Task to carry out: Go through the listing below and write out exactly the lines from the one that mentions "Duración de los" through the one that mentions "在长安校区天平楼AJ13教室", minus the pictures.

Source data:

_ _ _ _

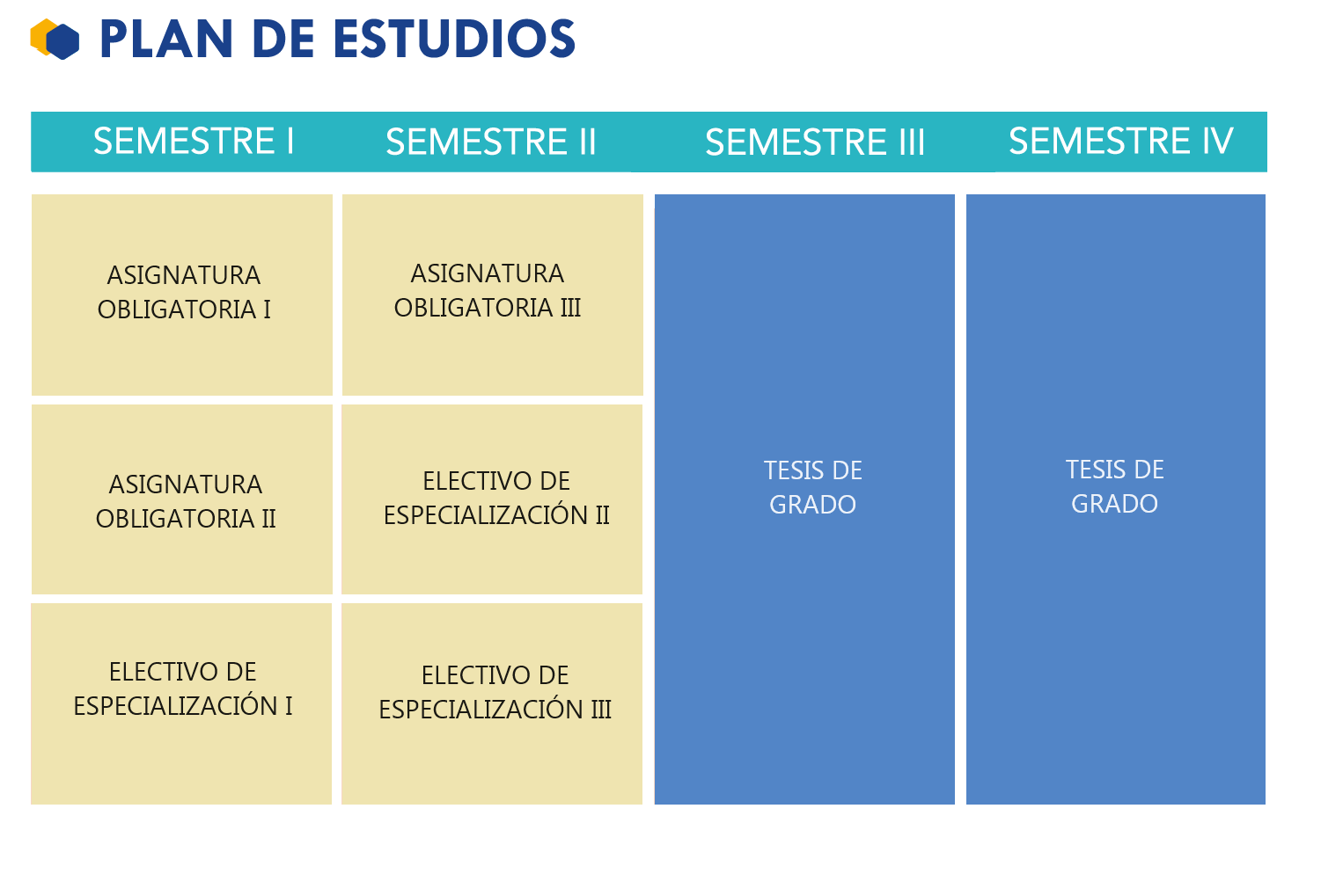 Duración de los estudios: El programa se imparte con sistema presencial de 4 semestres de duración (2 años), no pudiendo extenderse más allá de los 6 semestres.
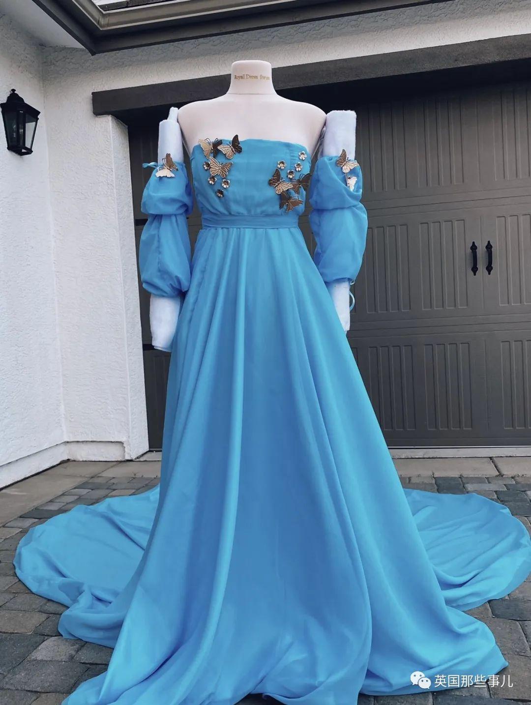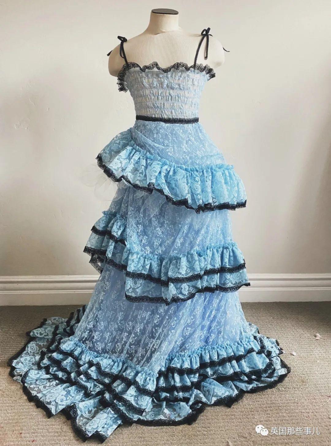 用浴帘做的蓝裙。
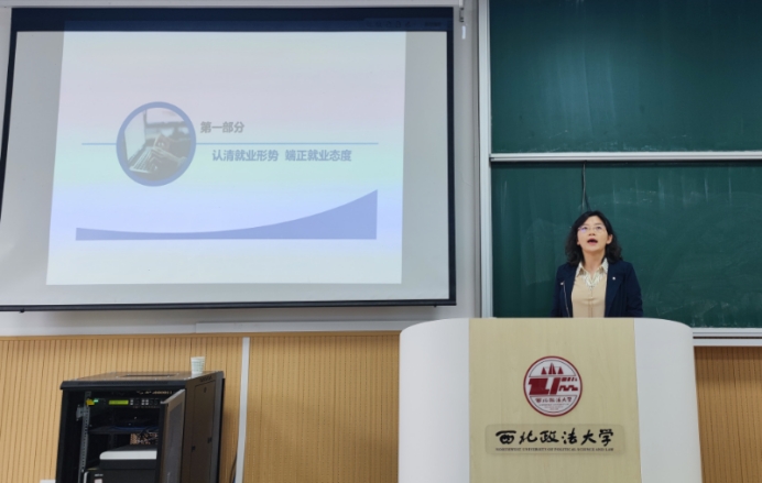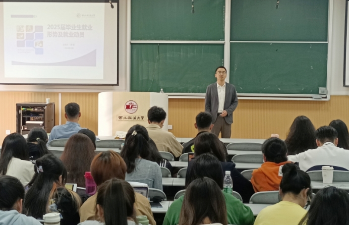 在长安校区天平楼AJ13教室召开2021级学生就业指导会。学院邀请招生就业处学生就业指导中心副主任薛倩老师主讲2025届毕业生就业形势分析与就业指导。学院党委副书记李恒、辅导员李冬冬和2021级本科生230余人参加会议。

_ _ _ _

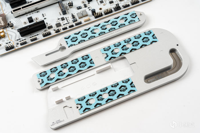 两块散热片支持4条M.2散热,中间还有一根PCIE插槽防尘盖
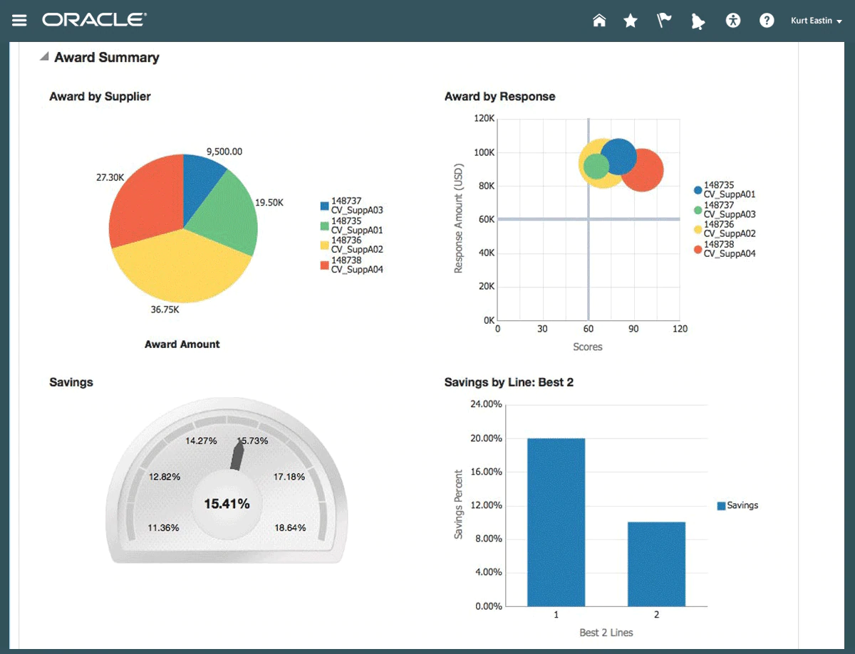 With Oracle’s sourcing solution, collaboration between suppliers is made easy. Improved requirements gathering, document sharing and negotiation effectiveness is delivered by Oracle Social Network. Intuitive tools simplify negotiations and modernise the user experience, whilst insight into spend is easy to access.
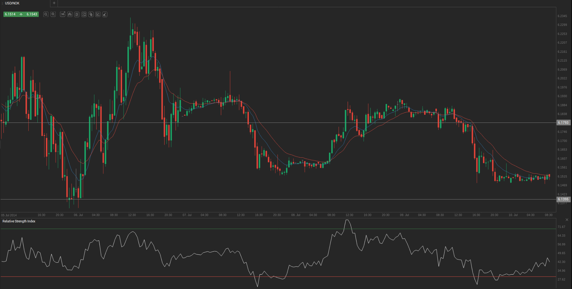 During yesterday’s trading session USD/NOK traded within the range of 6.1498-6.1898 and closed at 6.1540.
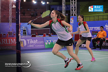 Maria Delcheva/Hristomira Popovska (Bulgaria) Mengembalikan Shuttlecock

_ _ _ _

Problem solution:
 Duración de los estudios: El programa se imparte con sistema presencial de 4 semestres de duración (2 años), no pudiendo extenderse más allá de los 6 semestres.
 用浴帘做的蓝裙。
 在长安校区天平楼AJ13教室召开2021级学生就业指导会。学院邀请招生就业处学生就业指导中心副主任薛倩老师主讲2025届毕业生就业形势分析与就业指导。学院党委副书记李恒、辅导员李冬冬和2021级本科生230余人参加会议。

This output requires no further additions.